- Occupation: Professor of mitochondrial genetics
- Parent: E. C. Poulton (father)

Academic background
- Alma mater: Lady Margaret Hall, Oxford

Academic work
- Discipline: Medicine, genetics
- Sub-discipline: Mitochondrial diseases
- Institutions: University of Oxford

= Joanna Poulton =

British medical researcher

Joanna Poulton is a British medical researcher, and Professor of Mitochondrial Genetics at the University of Oxford. She is an honorary consultant in Oxford, where she works on diseases caused by mutations in mitochondrial DNA. Such mutations are associated with many diseases, including diabetes, organ failure, deafness, and blindness, and are also important in neurodegeneration and aging.
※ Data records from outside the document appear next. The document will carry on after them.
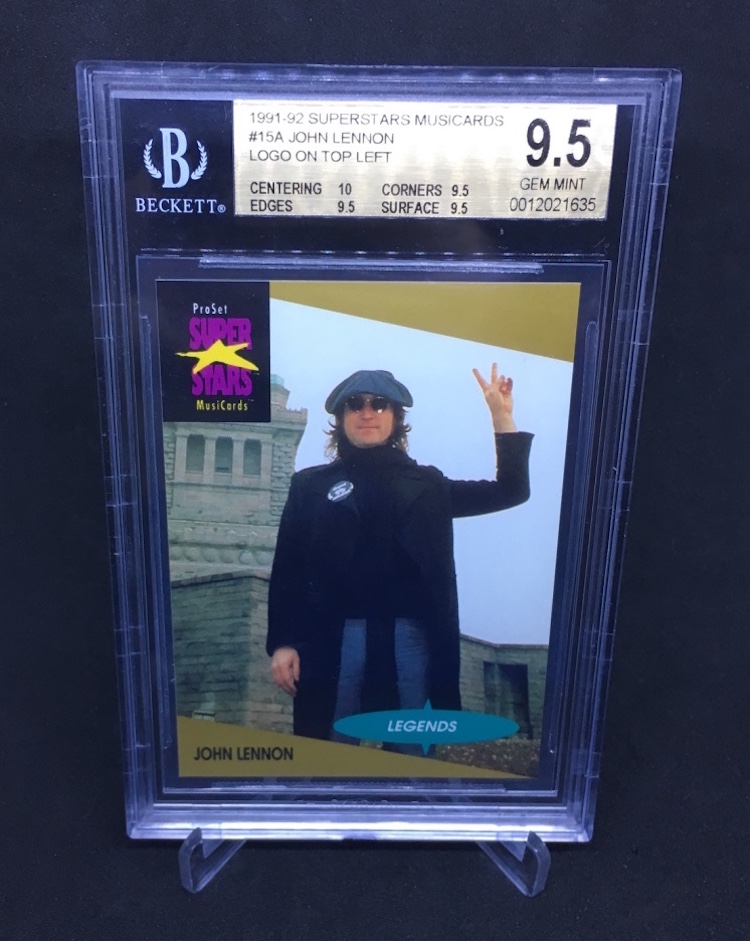 The Card: John Lennon 1991-92 Pro Set Superstars MusiCards #15a (logo on top left)
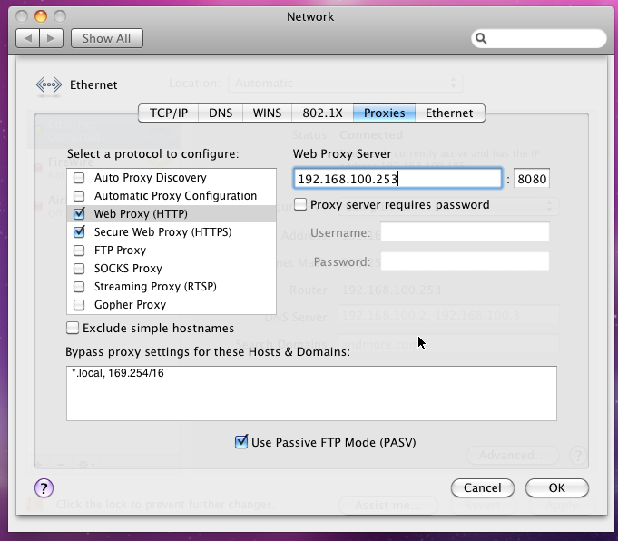 These instructions tell you how to configure a Macintosh computer running OS X with proxy settings. This article covers both manual and automatically detecting settings.
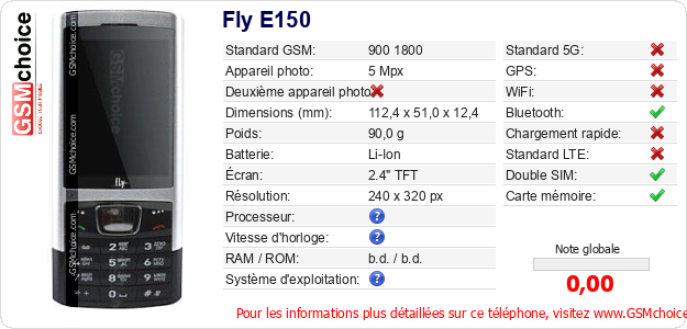 Publier les caractéristiques de ce mobile Fly E150 sur votre site
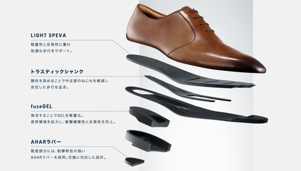 日本を代表する総合スポーツ用品メーカーであるアシックスが、ランニングシューズなどで培ってきた足に関する膨大なデータと人間工学に基づいた技術を、革靴というフォーマットに落とし込んでいます。
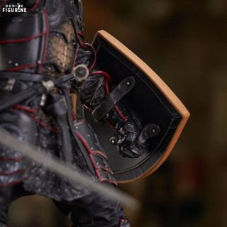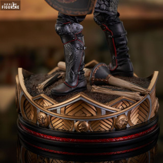 His piercing gaze and determined expression are faithfully reproduced, and his helmet, with its distinctive ornaments and red plume, is further proof of the high quality of this sculpture. The base on which it rests is decorated with motifs reminiscent of the rich decorations of Westeros, further reinforcing the impression of power that emanates from this figurine.
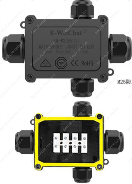 Two-way wire terminal junction box plastic waterproof junction box outdoor court light power supply IP68 waterproof boxApplication Scenario: Lighting ElectronicsDegree of protection: IP68Junction box connector size upper and lower connectors: M20; Left and right connectors: M25CharacteristicsWaterproof, dustproof, flame retardant, UV resistantWaterproof rating: IP68Voltage: 450VCurrent: 40ANumber of lines squared: 0.5-6mm²Outer wire diameter: M25: 5-9mm, 9-12mm, 10-14mmAmbient temperature: -40°C-+105°CWaterproof rating: IP68Housing material: PA66Terminal Material: Copper AlloyNo fear of high temperature nylon shell, no fear of high temperature exposure, safety and no hidden dangersAdditional loss dB: 0.1dBColor: BlackMaterial: PlasticWiring: 2 in and 2 out
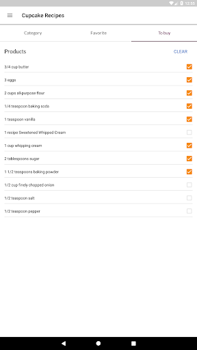 - enjoy section To buy - just add the products from the recipe here and use the shopping list when you go to the store. The application works offline, so the list of products for will

Poulton has spoken up on behalf of women in academia, as well as on the effects of neurodiversity on women's careers.

==Education and career==
Poulton is the daughter of the physician and psychologist E. C. Poulton. Her mother, one of the earliest women to study medicine at the University of Cambridge, gained her MD at the age of 90. Poulton credits her parents for having taught her and her siblings a scientific attitude and critical thinking. In 1976, Poulton gained a BA in physiological sciences at Lady Margaret Hall, University of Oxford, followed by a Bachelor of Medicine and Bachelor of Surgery in 1979. She became a Member of the Royal College of Physicians, London, in 1982. She was awarded a doctorate in medicine at Oxford in 1991. In 1997, she became a Fellow of the Royal College of Paediatrics and Child Health, London, and in 2013 was made a Fellow of the Royal College of Physicians, London.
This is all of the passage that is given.